I guess all this is being driven by the need to switch to TLS 1.2. I'm not sure 
if that would be a function of tomcat or java.
As you were looking for the reason of the increased footprint, this would help you tremendously to get to the root cause, even if you don't intend to use it in production. Assume that a similar behavior already appears when you run tomcat6 with Java8 - in this case there might be little reason to continue to dig in tomcat, and assume that it's the Java implementation that caused your increased footprint.

Tomcat 8 with Java 6 won't work (apart from the outdated implementation) as it requires at least Java7 (which is also outdated).

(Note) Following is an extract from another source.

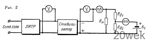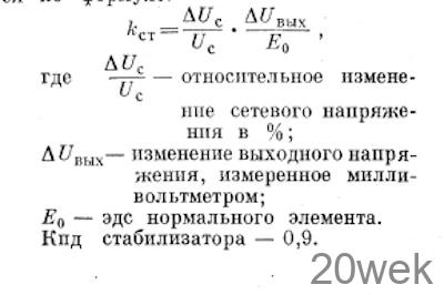 Изменяя напряжение на входе стабилизатора, замечают показания вольтметра, подключенного к выходу стабилизатора. При этом показания вольтметра не должны изменяться Смещение или дрожание стрелки вольтметра свидетельствует о недостаточном коэффициенте стабилизации или же о самовозбуждении, что устраняется подбором емкости конденсатора С5. Чрезмерное увеличение емкости этого конденсатора нежелательно. Коэффициент стабилизации можно измерить, воспользовавшись схемой, показанной на рис. 2 и применив нормальный элемент в качестве образцовой меры. Здесь к выходу стабилизатора подключается делитель напряжения, сопротивление одного плеча которого Rd2 лежит в пределах 100—1000 ом. На резисторе Rd2 устанавливают напряжение, равное 1 в. Полярность нормального элемента должна быть обратной по сравнению с полярностью напряжения на Rd2. Разность этих напряжений измеряют фотокомпенсационным милливольтметром типа ФИ6/2 или же высокоомным гальванометром. Коэффициент стабилизации напряжения сети определяется по формуле:

And then there's yet another aspect: The memory footprint increased way below the price decrease for memory, so just adding this much memory could be filed away as a reasonable assumption within 7.5 years (JDK 1.6.21 was released July 2010, I'm assuming that this is the age of the hardware as well (because why would you have installed this version on newer hardware, when newer releases existed)

I'm assuming that you have enough aspects to inspect - if you're really interested in finding the root cause, you'll need to come up with more specific measurements, e.g. profiler data, compare thread dumps and set up Tomcat 6 with Java 8 to have a third reference point.